17 novembro 2010

Seguimento de duas alcateias durante o ano 2009 (2)

Lobo-ibérico (Canis lupus signatus) da Alcateia de Bragança Norte fotografado ao início da noite a sair do local de reprodução.

(continuação do post anterior)

Metodologia

O seguimento das alcateias de Bragança Norte e Bragança Sul efectuou-se através de 3 métodos distintos: realização de percursos pré-definidos com registo de sinais indirectos de presença, armadilhagem fotográfica e estações de escuta.

Durante o ano 2009 foram realizadas 22 deslocações ao território da Alcateia de Bragança Norte e 6 deslocações ao território da Alcateia de Bragança Sul, compreendendo mais de 89 km percorridos a pé em ambas as áreas.

Foram colocadas 14 estações fotográficas distintas (número máximo de câmaras colocadas em simultâneo = 6) correspondendo a um total de 744 dias de amostragem. Realizaram-se 10 estações de escuta.

Os dados obtidos obedeceram ao acordado entre o autor e o Instituto da Conservação da Natureza e Biodiversidade (ICNB) através do ofício 201/2009/DGAC. De forma a perturbar o mínimo possível a espécie, as estações fotográficas foram colocadas a uma distância superior a 100 metros do local de reprodução.

(continua no próximo post)

27 outubro 2010

Seguimento de duas alcateias durante o ano 2009 (1)

Exemplar adulto de Lobo-ibérico (Alcateia de Bragança Norte) fotografado no interior de um pinhal ao início da tarde.


Desde 2006 que elaboro para o Instituto da Conservação da Natureza e Biodiversidade (ICNB) um relatório anual de seguimento de uma Alcateia do Distrito de Bragança (para ler a versão simplificada desses relatórios tecle com o botão direito do rato por cima de cada ano respectivo: 2006, 2007, 2008).

No ano de 2009 o esforço de campo foi consideravelmente superior a anos anteriores, incluindo o grupo familiar de Lobos-ibéricos (Canis lupus signatus) que ocupam o território imediatamente a Sul da alcateia já conhecida.

Doravante os grupos familiares estudados serão referenciados como Alcateia de Bragança Norte e Alcateia de Bragança Sul.

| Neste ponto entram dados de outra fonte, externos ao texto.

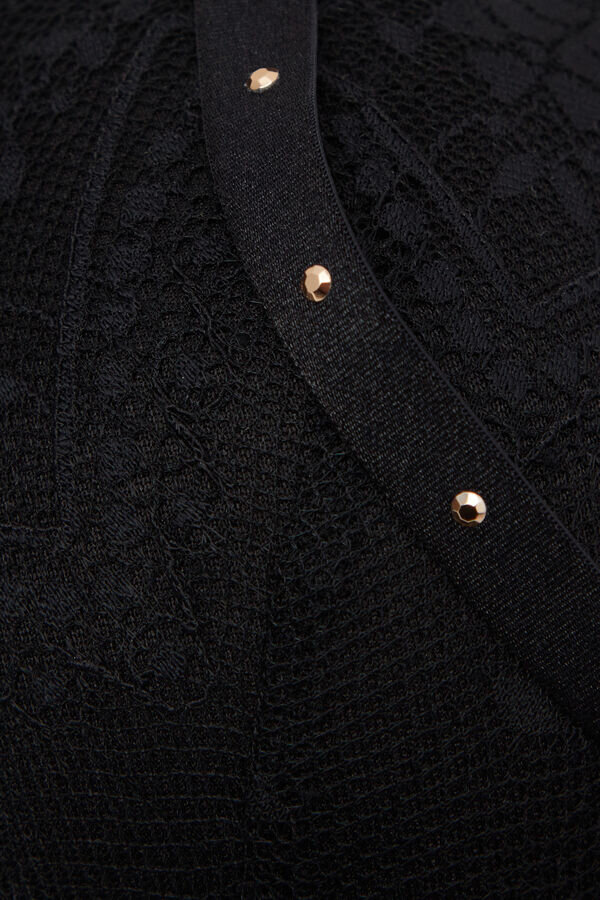 Sofia-balconette-rintaliivit pehmeästä joustavasta pitsistä, jossa on geometrinen kuvio yhdistettynä eleganttiin pisteelliseen tylliin. Erittäin sensuelli joustava kuvio dekolteessa on entistäkin kiehtovampi olkaimien kultaisten nastojen ansiosta. Pieni rusetti keskellä rintakuvaa kultaisella reunuksella. Rintaliivi muotoutuu luonnollisesti ja on erittäin mukava, joten se sopii erinomaisesti käytettäväksi kaula-aukon alla tai läpikuultavan topin alla.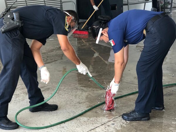 Como ya lo han realizado anteriormente en diferentes lugares de la ciudad, elementos de la Policía Municipal efectuaron labores de limpieza y sanitización en áreas comunes ubicadas al exterior del Hospital Infantil de Chihuahua, como una forma de contribuir a prevenir la propagaciones del virus COVID-19 entre la comunidad.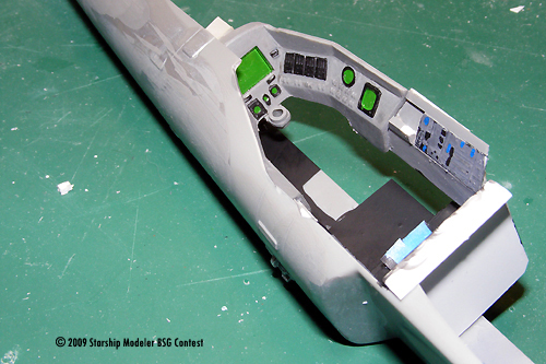 The canopy forward piece is from the kit original and I added a scratchbuilt back section. This was detailed using Chartpack line tape.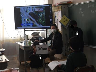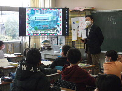 5,6時間目には、5年生が「テレビ朝日出前授業」を行いました。テレビ朝日の方に、ニュース番組ができるまでやニュースが放送されるまでなどを教えていただきました。最初に見たDVDには、普段ニュースに出てくるアナウンサーの顔も。とても身近に感じられました。後半は、5年生がディレクター、アナウンサー、タイムキーパーになって、時間通りに原稿を読むことを体験しました。全体を仕切るディレクター、時間を管理するタイムキーパー、時間を考えながら臨機応変に原稿を変えながら話すアナウンサーとそれぞれの苦労を体験しました。体験した子たちは、時間ぴったりに原稿を読むことができていました。「明日からテレビ朝日のアナウンサーにならないかい?」とスカウトされた子も…。あっという間の2時間でした。放送局の仕事がよくわかる楽しい時間をありがとうございました。
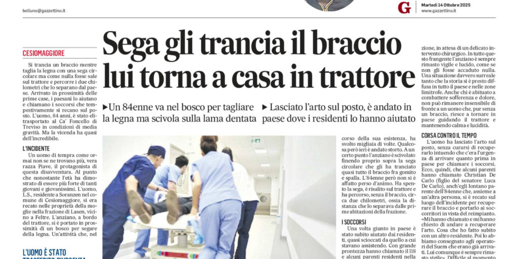 La vicenda ha dell’incredibile: a Cesiomaggiore un uomo di 84 anni si è fatto male mentre segava la legna nel bosco, ha avuto il braccio tranciato – riferisce il Gazzettino – e senza l’arto è salito in trattore, ha percorso due chilometri e si è fatto aiutare dai paesani. È a Treviso, in condizioni di media gravità.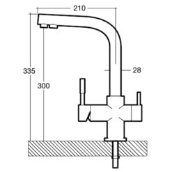 - Dáng vòi chữ L úp ngược với chiều cao lý tưởng cho mọi thao tác làm bếp, tích hợp 2 đường nước nóng – lạnh và 1 đường kết nối máy lọc nước tiện lợi. Đặc biệt hai tay vòi ngang giúp tối ưu không gian bàn bếp.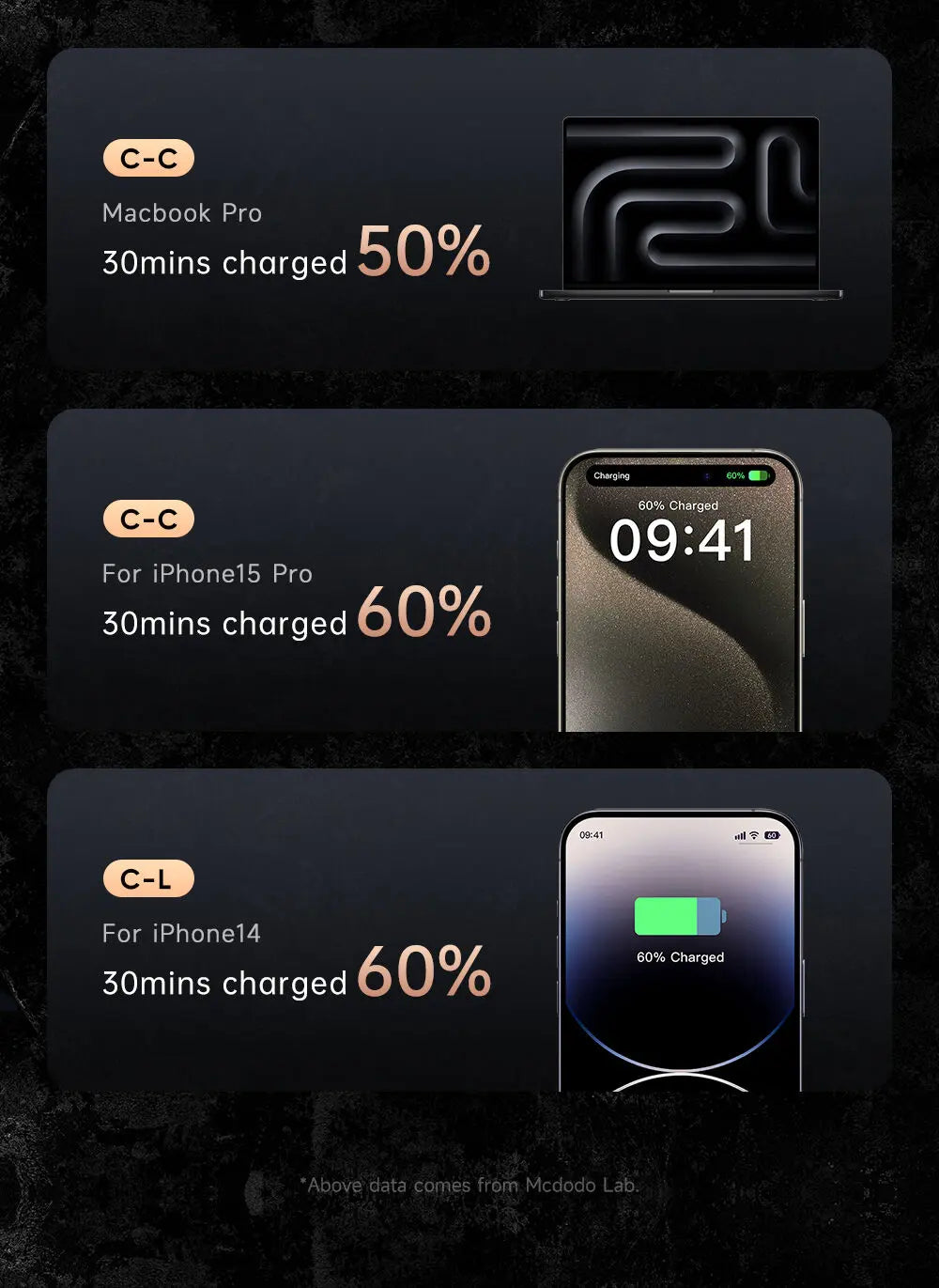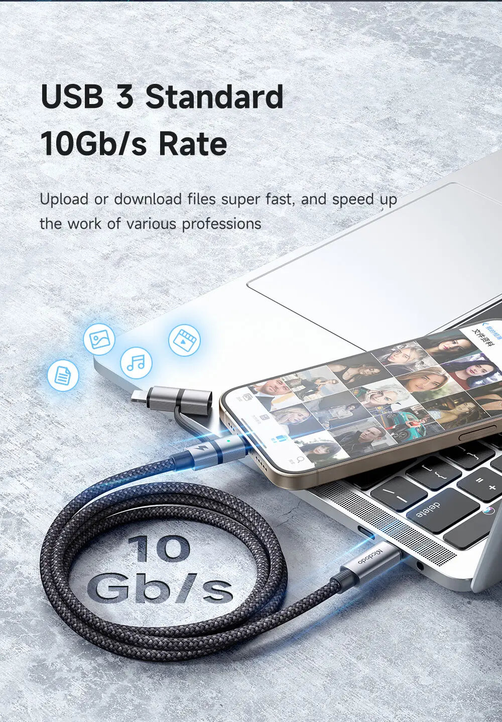 - The cable supports data transfer speeds of up to 10Gbps and up to 100W (20V/5A) of power, and comes with USB-C to USB-C / Lightning connectors on both ends at a cable length of 1.2 meters.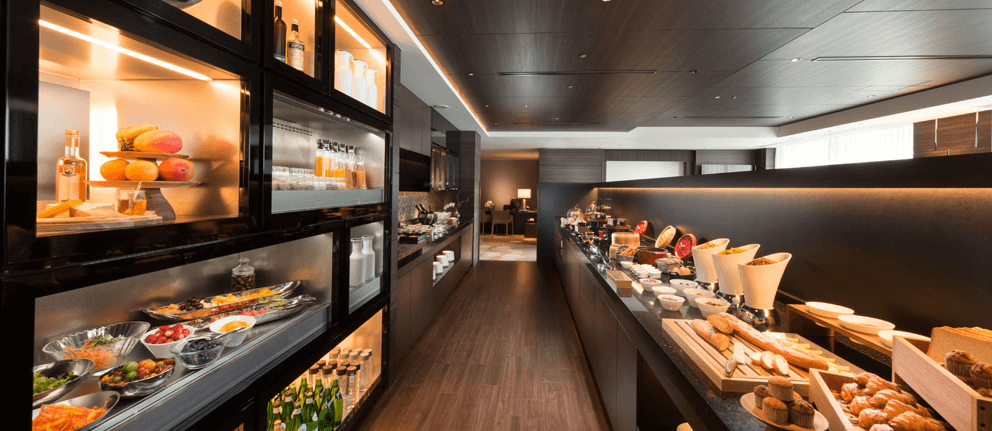 ラウンジの窓と反対側の壁沿いにフードカウンターがあります(これまた全体の写真を撮るのが憚られたため公式ホームページから写真お借りしています)
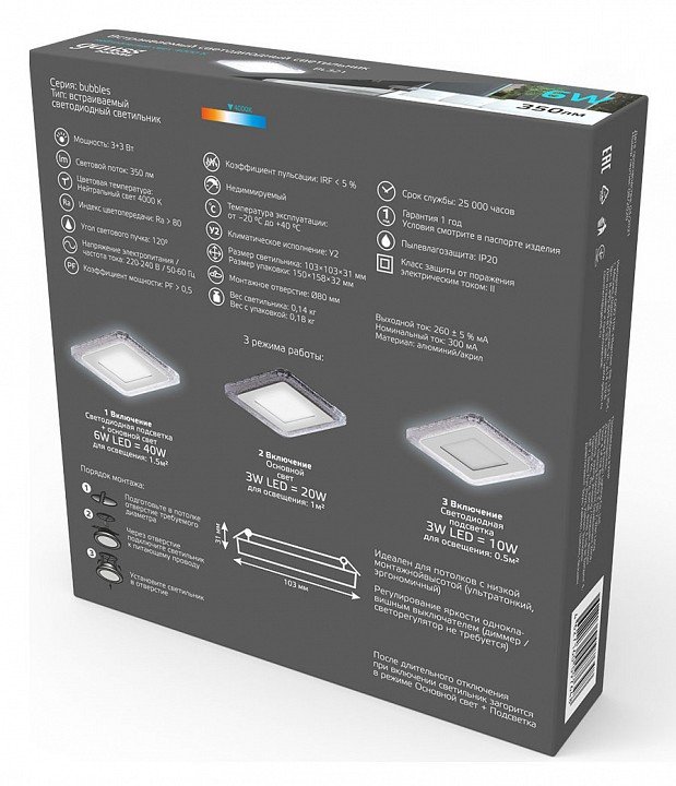 Станьте первым, кто оставит отзыв о товаре Встраиваемый светодиодный светильник Gauss Backlight Bubbles BL321.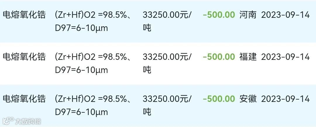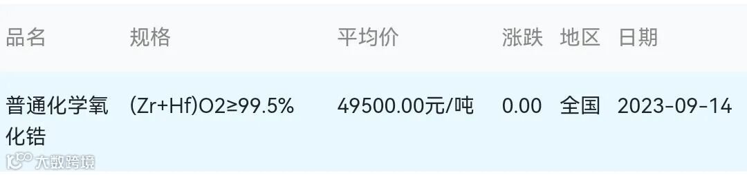 2023年09月14日氧化锆材料市场参考价: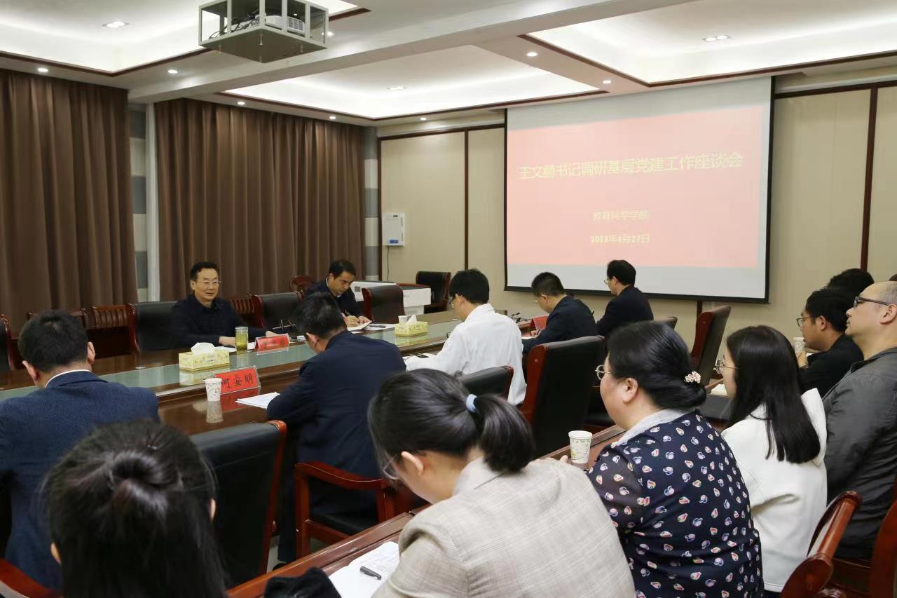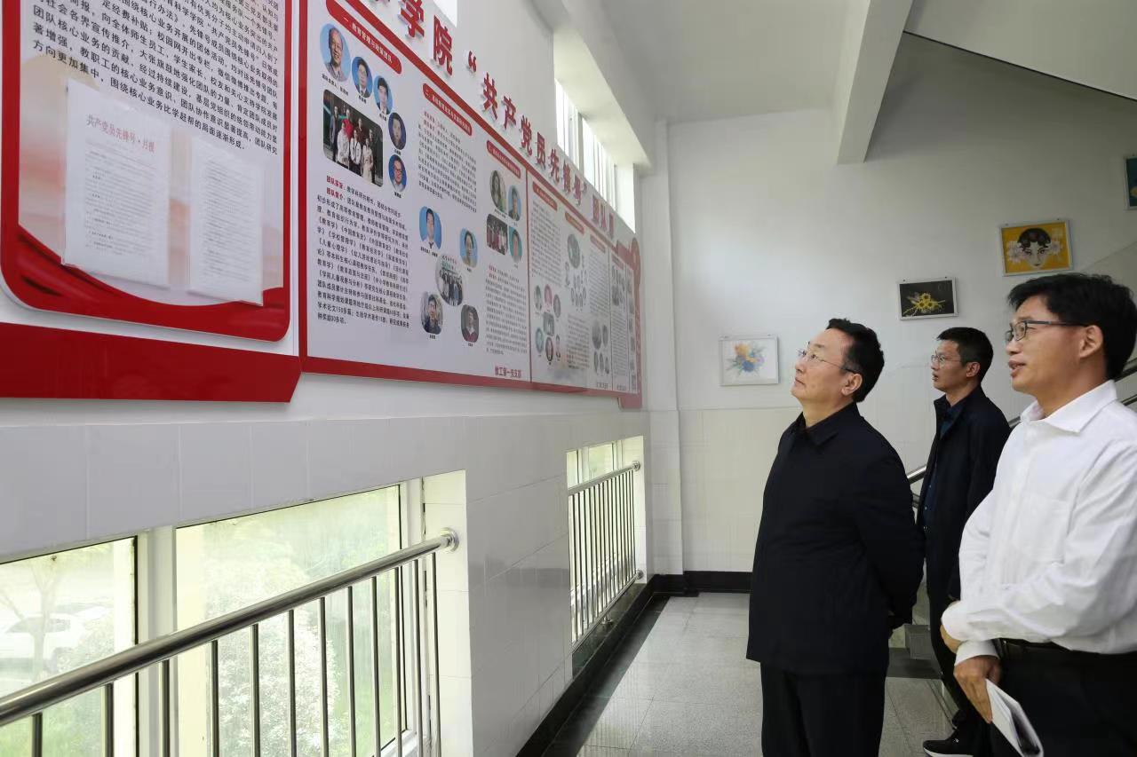 王文鹏实地查看了tyc7111cc太阳成集团的党建工作阵地、实验实训场地;随堂听取了李泽娟老师的《中学综合实践活动》课,详细了解课程思政开展情况;与tyc7111cc太阳成集团领导班子、党支部书记、学术带头人、教师代表进行了座谈交流。
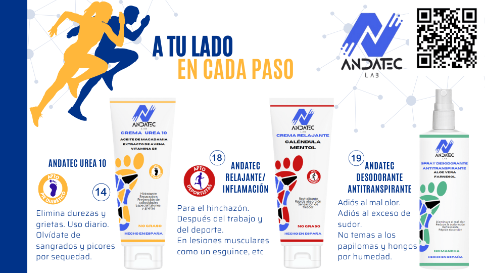 En Andatec nos especializamos en productos podológicos de cuidado diario, creados para asegurar el bienestar y la salud de los pies. Nuestro catálogo abarca cremas, desodorantes y sprays especialmente formulados para el cuidado de tus pies. Todos nuestros productos están disponibles exclusivamente en farmacias y clínicas especializadas, garantizando un enfoque profesional y eficaz en el cuidado podológico.

Alcateia de Bragança Norte (2006 - 2008)

Ao longo dos últimos 3 anos a ocupação do território e o sucesso reprodutor da Alcateia de Bragança Norte foi o seguinte:

2006 – reprodução confirmada (através da audição de uivos das crias e adultos) num pequeno afluente da margem esquerda do Rio Sabor, a cerca de 2 quilómetros (km) da povoação mais próxima.

2007 – alcateia detectada contudo não se confirmou a sua reprodução. Refira-se que em Abril desse ano verificou-se um incêndio de proporções consideráveis próximo ao local habitual de cria.

2008 – reprodução confirmada (registos fotográficos das crias e audição de uivos de adultos e crias), novamente num pequeno afluente da margem esquerda do Rio Sabor. O número estimado de crias foi de 3.

(continua no próximo post)

17 outubro 2010

Emergindo da vegetação

Lobo-ibérico (Canis lupus signatus), 2 de Outubro de 2010 às 5h da manhã.

Neste tempo em que nada mais parece interessar para além da economia, é bom determos um pouco a nossa atenção no mundo natural que nos rodeia.
Neste caso trata-se de um Lobo-ibérico (Canis lupus signatus) fotografado em pleno patrulhamento nocturno próximo ao local onde descansa o seu grupo familiar.
Felizmente que, indiferentes à depressão generalizada que se instalou no país, os lobos portugueses continuam a criar.
Desculpem a ausência...

07 agosto 2010

Sardão: o lagarto trepador

Sardão (Lacerta lepida) fotografado no Vale do Rio Pinhão, próximo a Vila Real.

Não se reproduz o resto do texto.